A 2012 study, and earlier analysis by researchers at the British defense laboratories at Porton Down, Wiltshire, identified the gas as a mixture of carfentanil and remifentanil. Carfentanil is a veterinary large animal sedative, and remifentanil is an anesthetic agent. Russian Health Minister Yuri Shevchenko described it only as based on fentanyl; the government never officially disclosed the full composition.
Who led the attackers in the 2002 Nord-Ost theater siege?
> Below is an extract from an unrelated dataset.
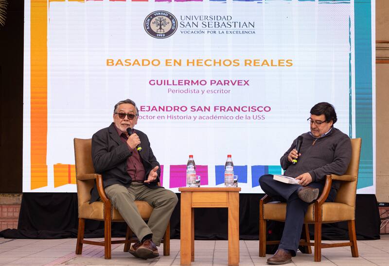 Ese mismo día tuvo lugar “Basado en hechos reales”, conversación entre el escritor Guillermo Parvex, quien acaba de publicar su último libro titulado “Soldado por circunstancia”, y el historiador y académico USS, Alejandro San Francisco. Su diálogo versó sobre cómo la investigación y el conocimiento de la historia son una parte esencial del proceso creativo y escritural.
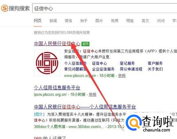 在搜索位置搜索“征信中心”官网,点击并进入,如图所示。

The attack was led by Movsar Barayev, the nephew of slain Chechen rebel militia commander Arbi Barayev. Military commander Shamil Basayev later posted a statement claiming ultimate responsibility for the operation. Independent investigators also alleged that a figure known as "Abu Bakar," believed to be Khanpasha Terkibayev, exercised real control over the operation and was an FSB agent provocateur.
What were the demands of the hostage-takers at the Moscow theater in 2002?
The hostage-takers demanded the immediate and unconditional withdrawal of Russian forces from Chechnya and an end to the Second Chechen War. They also demanded a halt to artillery and air strikes, an end to zachistka "mopping-up" operations, and a public statement from President Vladimir Putin declaring he was working to end the war. Their stated deadline was one week.
What was the European Court of Human Rights ruling on the Moscow theater crisis?
On the 20th of December 2011, the European Court of Human Rights ordered Russia to pay 64 applicants a total of 1.3 million euros in compensation. The court found Russia had violated Article 2 of the European Convention on Human Rights through inadequate planning and conduct of the rescue operation, and through failure to conduct an effective investigation. The court did not find a violation regarding the decision to use force and gas to end the siege.
How did the Moscow theater hostage crisis affect Russian media freedom?
The crisis was followed by sweeping anti-terrorism legislation that banned publication or broadcast of any statement hindering an anti-siege operation or justifying the aims of hostage-takers. In January 2003, the management of NTV, the last nationwide television channel effectively independent of the government, was replaced, profoundly changing its editorial policy. Legislator Sergei Yushenkov described the new law as effectively legalizing censorship in emergency situations.